GLANCE 全球土地覆被训练数据集

举报
此星光明 发表于 2024/02/19 17:41:25 2024/02/19
【摘要】 ​GLANCE 全球土地覆被训练数据集GLanCE 培训数据集向公众开放,专为区域到全球土地覆被和土地覆被变化分析而设计。该数据集的中等空间分辨率为 30 米,时间跨度为 1984 年至 2020 年,在地理和光谱上代表了全球所有生态区域。每个训练单元提供多达 23 种土地覆被特征,提供了一个统一、标准化和全面的数据库,其中包括有关土地覆被突变和渐变过程的信息,特别是在选定区域的长达 36 ...

GLANCE 全球土地覆被训练数据集


GLanCE 培训数据集向公众开放,专为区域到全球土地覆被和土地覆被变化分析而设计。该数据集的中等空间分辨率为 30 米,时间跨度为 1984 年至 2020 年,在地理和光谱上代表了全球所有生态区域。每个训练单元提供多达 23 种土地覆被特征,提供了一个统一、标准化和全面的数据库,其中包括有关土地覆被突变和渐变过程的信息,特别是在选定区域的长达 36 年的时间跨度。该数据集具有适应性强的特点,用户可根据自己的研究区域、分类算法和所需的分类图例对其进行子取样和定制,使其成为深入土地覆被调查的多功能资源。前言 – 人工智能教程

谷歌地球引擎(GEE)等先进的云计算平台可利用机器学习算法绘制区域到全球的土地覆被和土地覆被变化图。然而,准确绘制土地覆被图所需的高质量训练数据的收集工作仍然成本高昂且劳动密集。为了满足这一需求,我们创建了一个包含近 200 万个训练单元的全球数据库,时间跨度从 1984 年到 2020 年,涵盖七个一级和九个二级土地覆被等级。我们的训练数据收集方法利用了 GEE 和机器学习算法,以确保数据质量和生物地理代表性。我们从大地遥感卫星图像的光谱-时间特征空间采样,以便在全球各生态区域有效分配训练数据,并将公开可用的数据集和合作者提供的数据集纳入我们的数据库。为了反映基本的区域类别分布和干扰后地貌,我们对数据库进行了战略性扩充。我们使用了基于机器学习的交叉验证程序来删除可能被错误标记的训练单元。我们的训练数据库适用于土地覆被变化、农业、林业、水文、城市发展等一系列研究。论文地址:A global land cover training dataset from 1984 to 2020 | Scientific Data

数据属性介绍 

Column Name Description
Lat Latitude
Lon Longitude
Start_Year Start year of segment, ranging from 1984 to 2020 (integer)
End_Year End year of segment, ranging from 1984 to 2020 (integer)
Glance_Class_ID_level1 Level 1 land cover value (integer): 1 (Water), 2 (Ice/snow), 3 (Developed), 4 (Barren/sparsely vegetated), 5 (Trees), 6 (Shrub), and 7 (Herbaceous)
Glance_Class_ID_level2 Level 2 land cover value (integer): 1 (Water), 2 (Ice/snow), 3 (Developed), 4 (Soil), 5 (Rock), 6 (Beach/sand), 7 (Deciduous), 8 (Evergreen), 9 (Mixed), 10 (Shrub), 11 (Grassland), 12 (Agriculture), and 13 (Moss/lichen). NaN values present.
Leaf_Type Tree leaf type: broadleaf (1), needleleaf (2), and mixed (3). NaN values present.
Impervious_Percent Impervious percent for developed samples: low 0%-30% (1), medium 30%-60% (2), and high 60%-100% (3). NaN values present.
Tree_Location Binary integer indicating whether trees are on the interior (0) or edge (1) of a forest.
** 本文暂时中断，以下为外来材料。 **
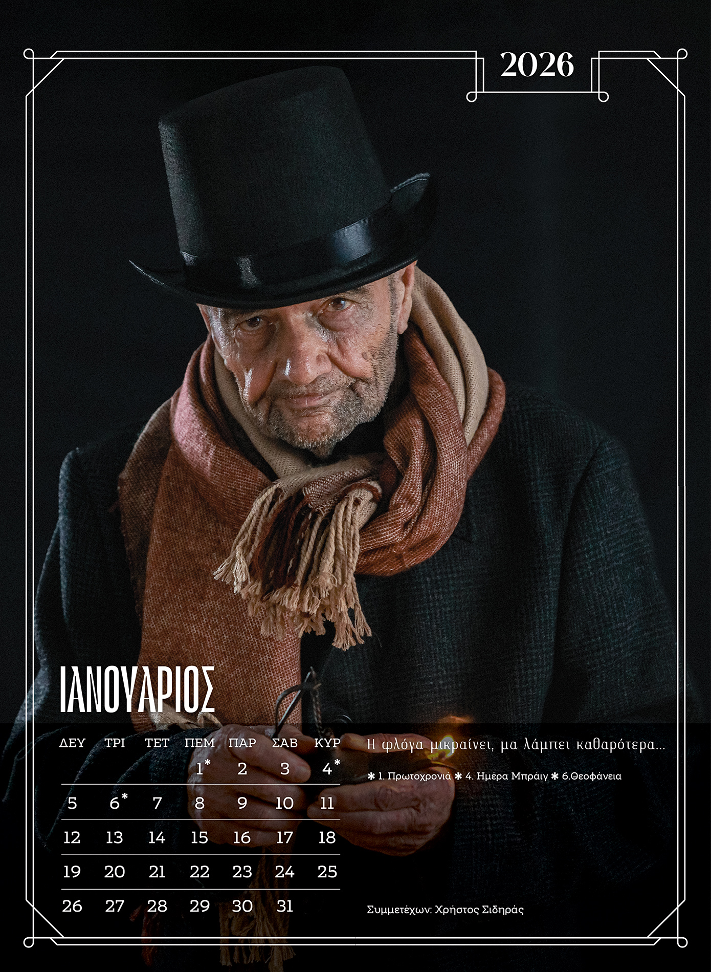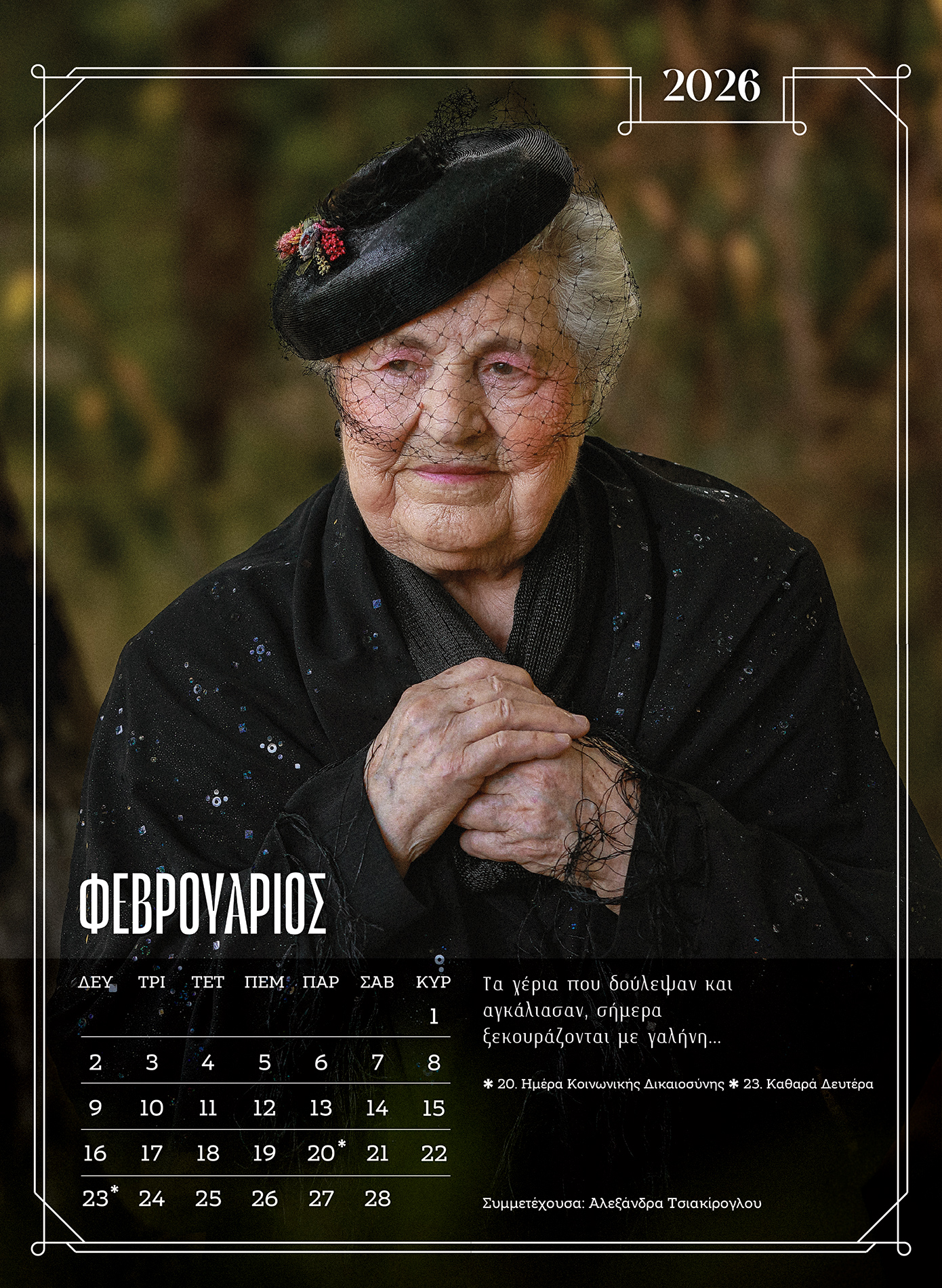 Τον Ιανουάριο, ο Χρήστος Σιδηράς ανοίγει τη χρονιά ως μια «φλόγα που μικραίνει, μα λάμπει καθαρότερα» – μια μεταφορά για όλους εκείνους που ίσως κουράστηκαν, αλλά δεν έπαψαν ποτέ να φωτίζουν. Τον διαδέχεται η Αλεξάνδρα Τσιακίρογλου του Φεβρουαρίου, με τα χέρια που «δούλεψαν και αγκάλιασαν» και σήμερα διεκδικούν τη δική τους γαλήνη, σαν μια ανθρωπιά που αντέχει στον χρόνο.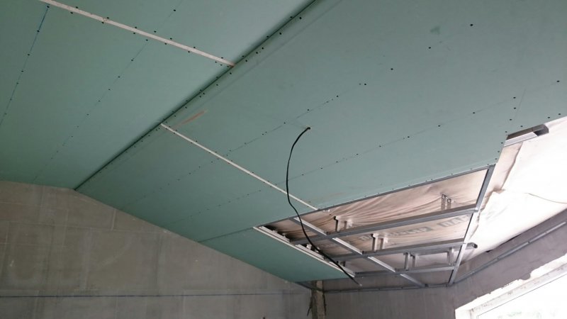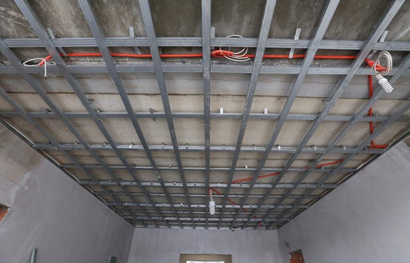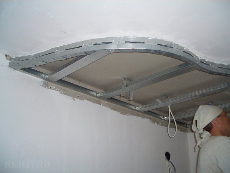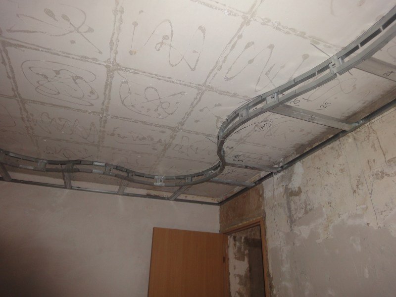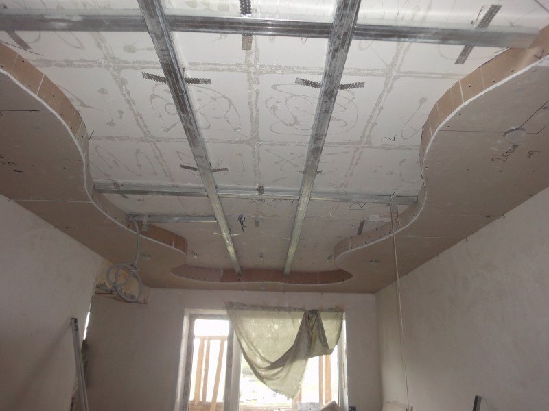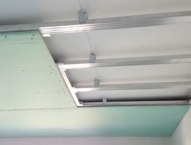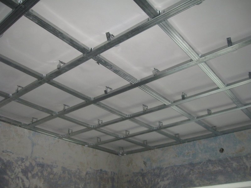 Подшивной. Каркас собирается из потолочного металлического профиля, очень редко используют деревянные рейки. Крепление обрешетки производится непосредственно к поверхности потолка, а расстояние до гипсокартона минимально, равно ширине используемого материала для каркаса.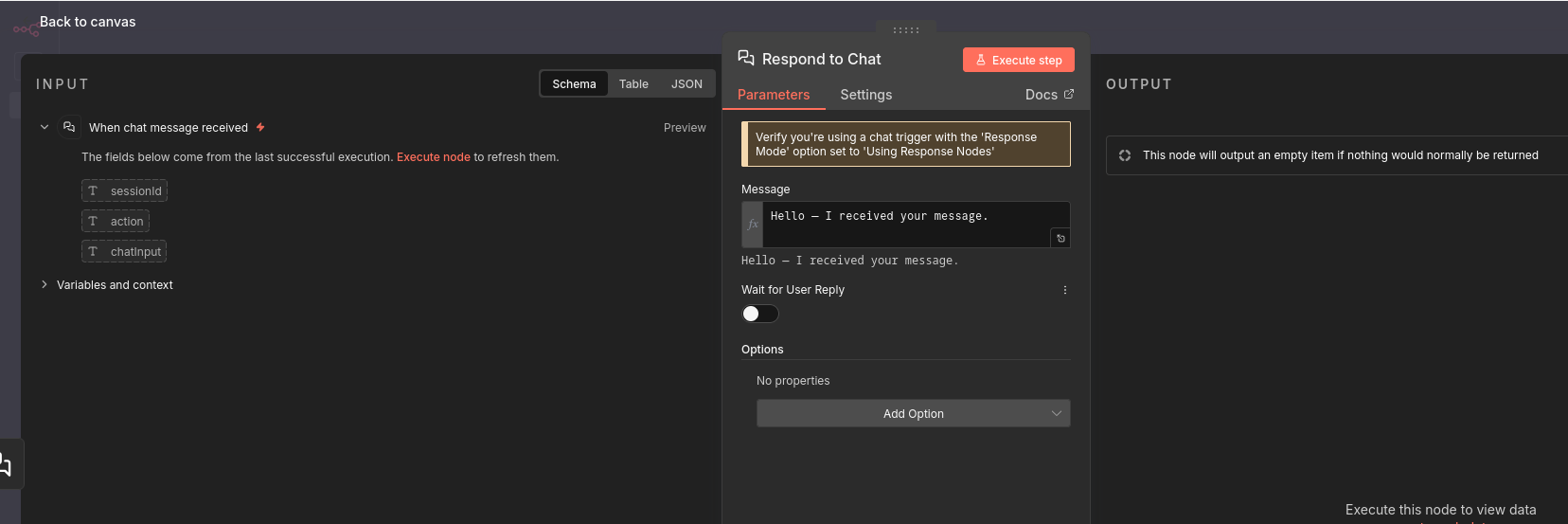 Not sure if my assumption is correct or not. To replicate the issue what i did, if we execute ‘Respond to chat’ node by clicking on ‘Execute step’ and not from the start. it gets stuck for me as well.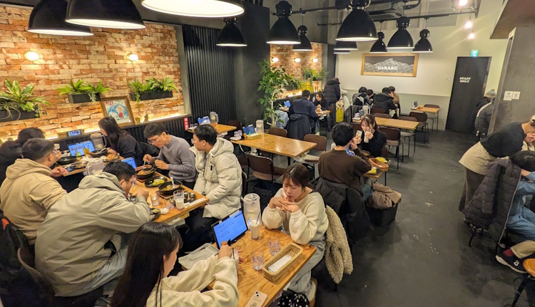 If you’re local, sometime in Sapporo in the off-season, it will probably be easy to get into the main Garaku shop without much of a wait. It is a huge basement-level shop, probably seats almost 70 guests (?). But if you’re a tourist, perhaps here for the Sapporo Snow Festival, you will be fighting every other tourist to be at this spot, during the time everyone else wants to be here as well. Crowded.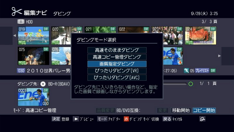 ダビングの実行はBDのほかにHDD上のダビング、さらにモード変換まで指定可能。プレイリスト編集と合わせて様々なダビングパターンを実行可能だ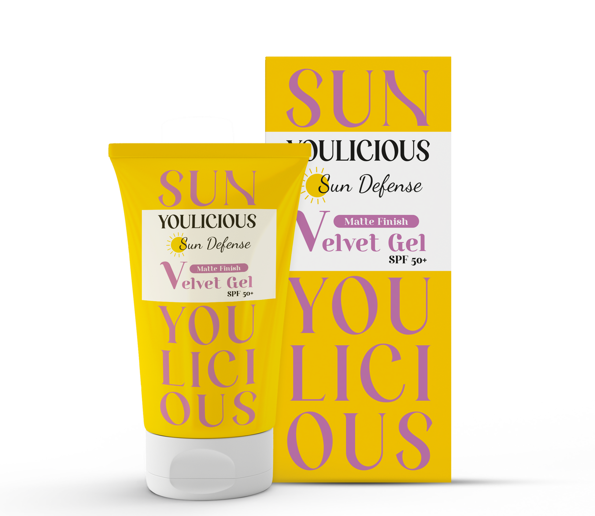 "Youlicious sun defense velvet gel with SPF50+, advanced formula that provides broad spectrum protection (UVB, UVA, blue light & visible light), in addition to photoaging protection.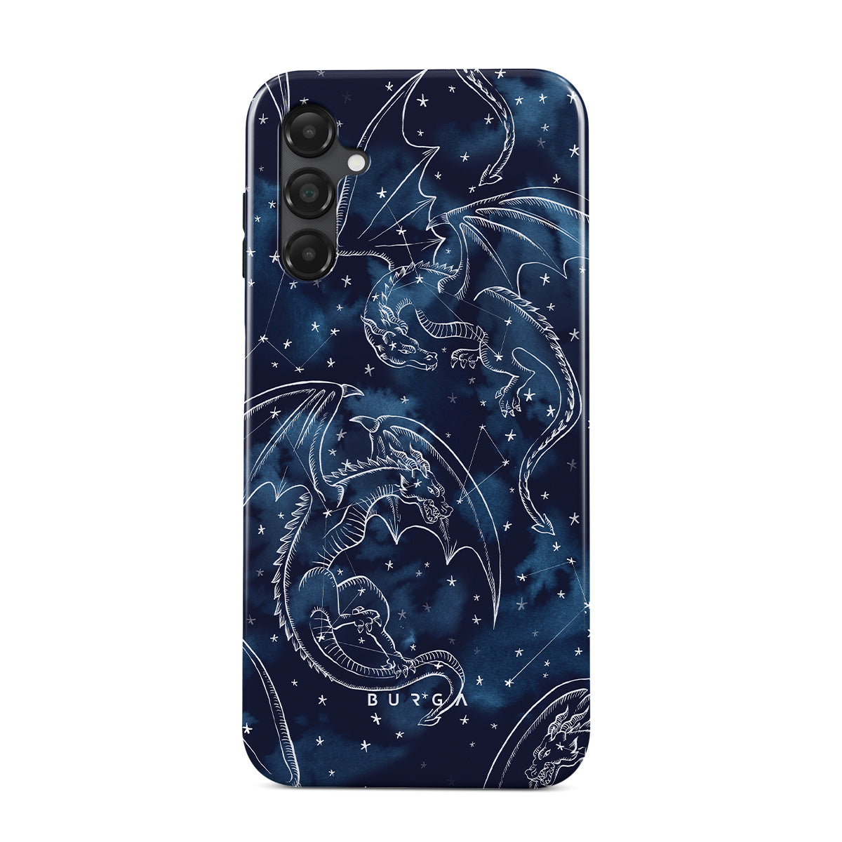 Kenmerken van dit design: draken, sterren, sterrenbeelden, donkerblauwe lucht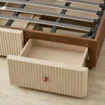 The Harper King Bed is designed to give your child extra space to stretch out while still fitting neatly into a compact room. The sturdy frame includes a rounded headboard with grooved panels in calming beige.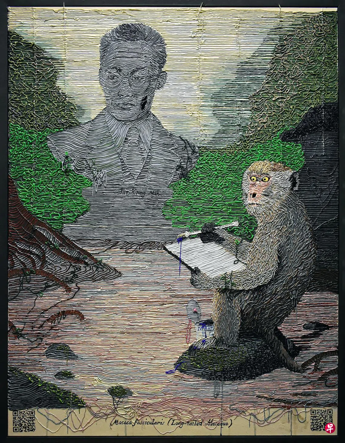 此外还有出生新加坡,随家人移民澳洲珀斯的马福民,其作品《活着,免租》借猕猴描绘一个形似李光耀的强者半身像,隐喻艺术家创作时面对恐惧下笔犹豫不决,并附上AI声音。希腊出生,以新加坡为基地的Emi Avora,专注于室内空间、静物与景观的描绘,作品《联系我们的日常秘密》展示花草围绕的阳台上的红塑胶椅。出生印尼、来新求学的Cynthia Delaney Suwito,通过装置《放东西的地方》借空间物品累积显示融入的过程。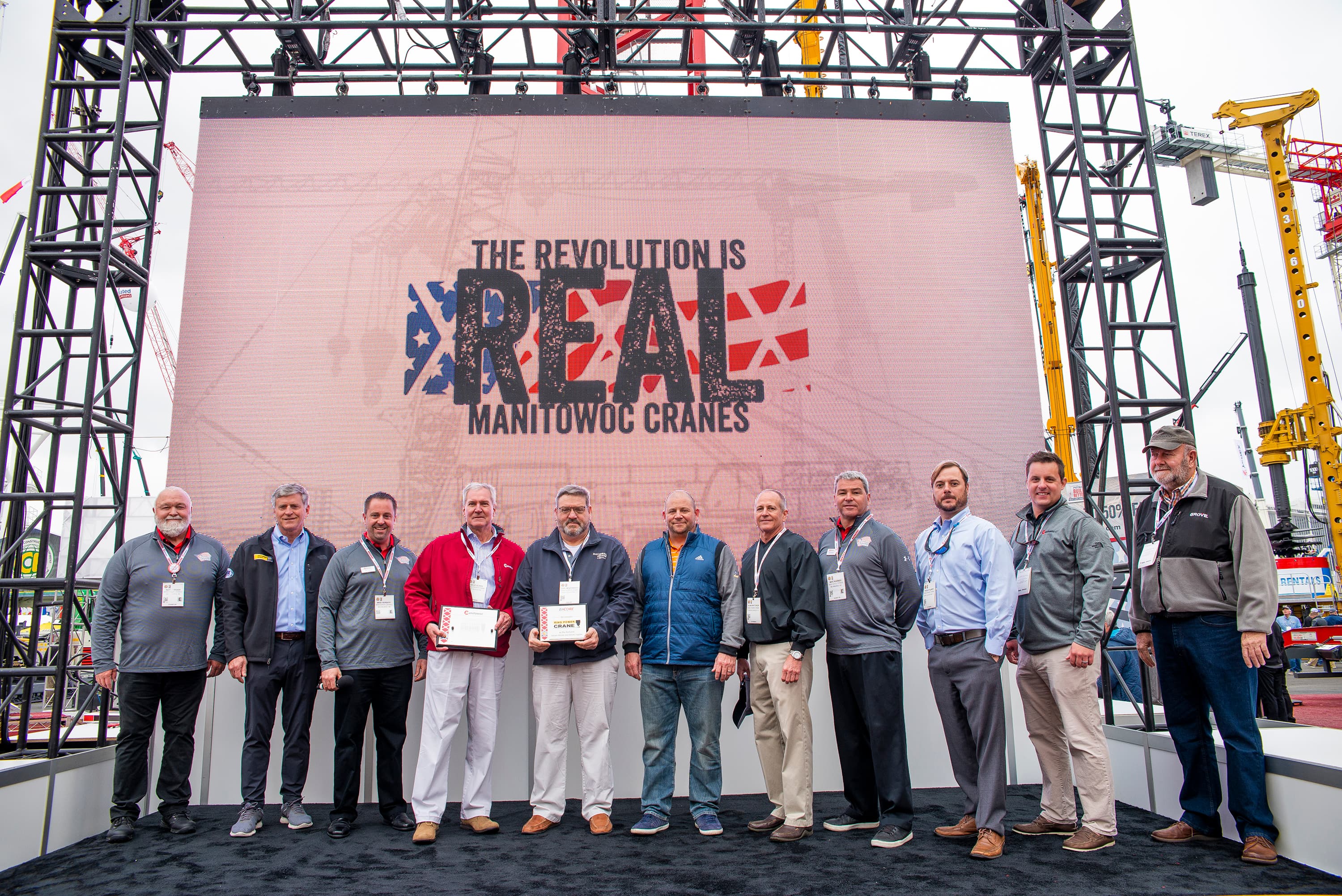 David Alban (President), Kevin Robbins (EVP, Sales), and Dave Glass (VP, Crane) received the award at the Manitowoc booth. Manitowoc’s Keith Crider and Mike Herbert presented them with celebratory plaques to mark the occasion, kicking off what has already been a fruitful CONEXPO for Manitowoc.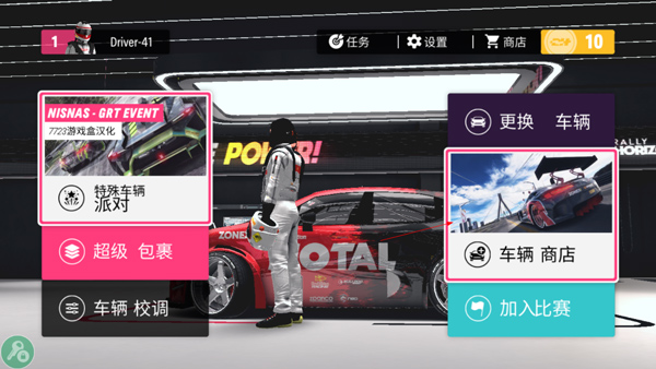 1、打开拉力地平线手游,点击右下方车辆商店;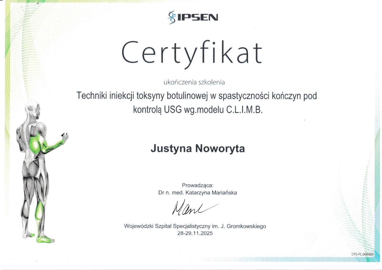 Czy Justyna Noworyta przyjmuje online, bez konieczności pojawiania się w placówce?Tak, Justyna Noworyta oferuje konsultacje online. Wybierz opcję „konsultacja online” przy umawianiu wizyty, a zobaczysz dostępne terminy.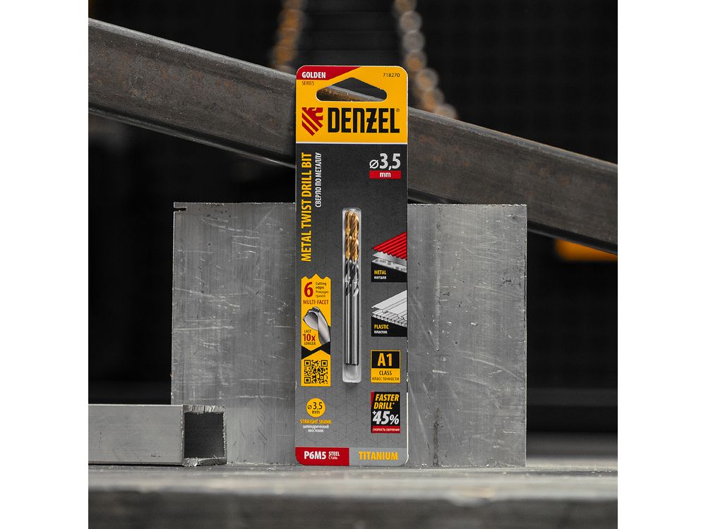 Спиральное сверло по металлу Denzel Golden Tip 718270 из стали P6M5, размером 3,5 х 70 мм, с многогранной заточкой, 2 штуки в упаковке, предназначено для получения отверстий в легированных сталях и цветных металлах. Многогранная заточка позволяет получать чистые и ровные отверстия практически без заусенцев. Сверлу присвоен класс точности A, что гарантирует высокое качество работ. Оснастка подходит для бытового и профессионального применения.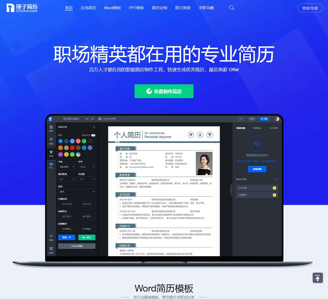 锤子简历 – 专业简历模板设计,在线生成简历神器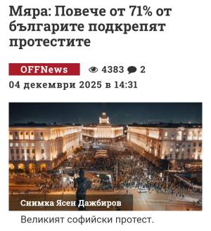 От бившия ГАЛЪП който купи Пеевски и те основаха МЯРА. Според председателя Първан Симеонов проучването е след първия протест на който имаше 25-30 хиляди а след огромния смята че вече над 80 процента подкрепят протеста и опозицията. Ще видим скоро и другите агенции21:13 04.12.2025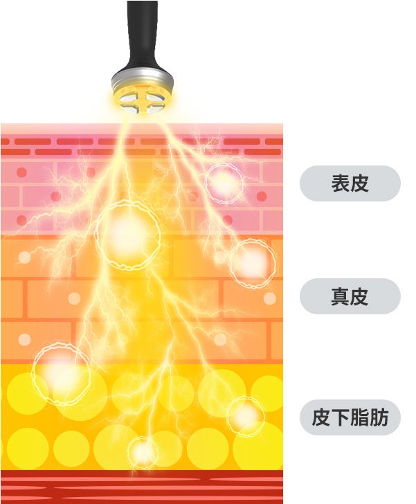 ラジオ波のエネルギーが届き、温めます。2つのハンドピースで同時に行うことで、短時間で効果的に感じることができます。

NaN values present.
Veg_Density Vegetation density for trees and shrubs: sparse 0%-30% (1), open 30%-60% (2), and closed 60%-100% (3). NaN values present.
Veg_Modifier Vegetation modifiers, which can include one or more of the following: Cropland, Plantation, Wetland, Riparian/Flood, Mangrove, Greenhouse, and Trees/Shrub Present. NaN values present.
Segment_Type Indicates whether a segment is stable (0) or transitional (1). See Section 1 for a detailed description. Land cover for transitional segments is recorded at both the beginning and end of the time segment - typically the first and last three years. NaN values present.
Change Indicates presence (1) or absence (0) of land cover change for Level 1 land cover labels. Includes both abrupt change and gradual change (transitional segments (1) from the Segment_Type attribute) if it happened at any time for that training unit.
LC_Confidence Interpreter confidence in the Level 1 land cover label from 1 (lowest) to 3 (highest). NaN values present.
Level1_Ecoregion Ecoregion Level 1 number based on World Wildlife Fund definitions. For North America we used ecoregions based on the Environmental Protection Agency’s Ecoregions of North America product.
Level2_Ecoregion Ecoregion Level 2 number based on the Environmental Protection Agency’s Ecoregions of North America product. This field is available only for North America and is assigned a value of 0 for all other continents.
Continent_Code Assigned continent number: North America (1), South America (2), Africa (3), Europe (4), Asia (5), and Oceania (6).
Dataset_Code Assigned dataset number: 1, 2, 3, 4, 5, 902, 999, 700, 701, 702, 703, 704, 705, 706, and 707. Numbers correspond to each Dataset as follows: STEP, CLUSTERING, LCMAP, ABoVE, MapBiomas, Feedback, Training_augment, MODIS_algo, GeoWiki, RadEarth, Collaborator_data, BU_team_collected, GLC30, LUCAS, ASB_crop. For details see Scientific Data publication.
Glance_ID Unique ID for each sample.
ID ID for each unique combination of latitude and longitude. Change units have the same ID but different Glance_ID.

具体分类

Level 1 Level 2 Description
Water (1) Water (1) Areas covered with water throughout the year: streams, canals, lakes, reservoirs, oceans.
Ice/snow (2) Ice/snow (2) Land areas with snow and ice cover greater than 50% throughout the year.
Developed (3) Developed (3) Areas of intensive use; land covered with structures, including any land functionally related to developed/built-up activity.
Barren/sparsely vegetated (4) Land comprised of natural occurrences of soils, sand, or rocks where less than 10% of the area is vegetated.
Soil (4) Land covered with less than 10% vegetation and dominated by soil.
Rock (5) Land covered with less than 10% vegetation and dominated by rocks.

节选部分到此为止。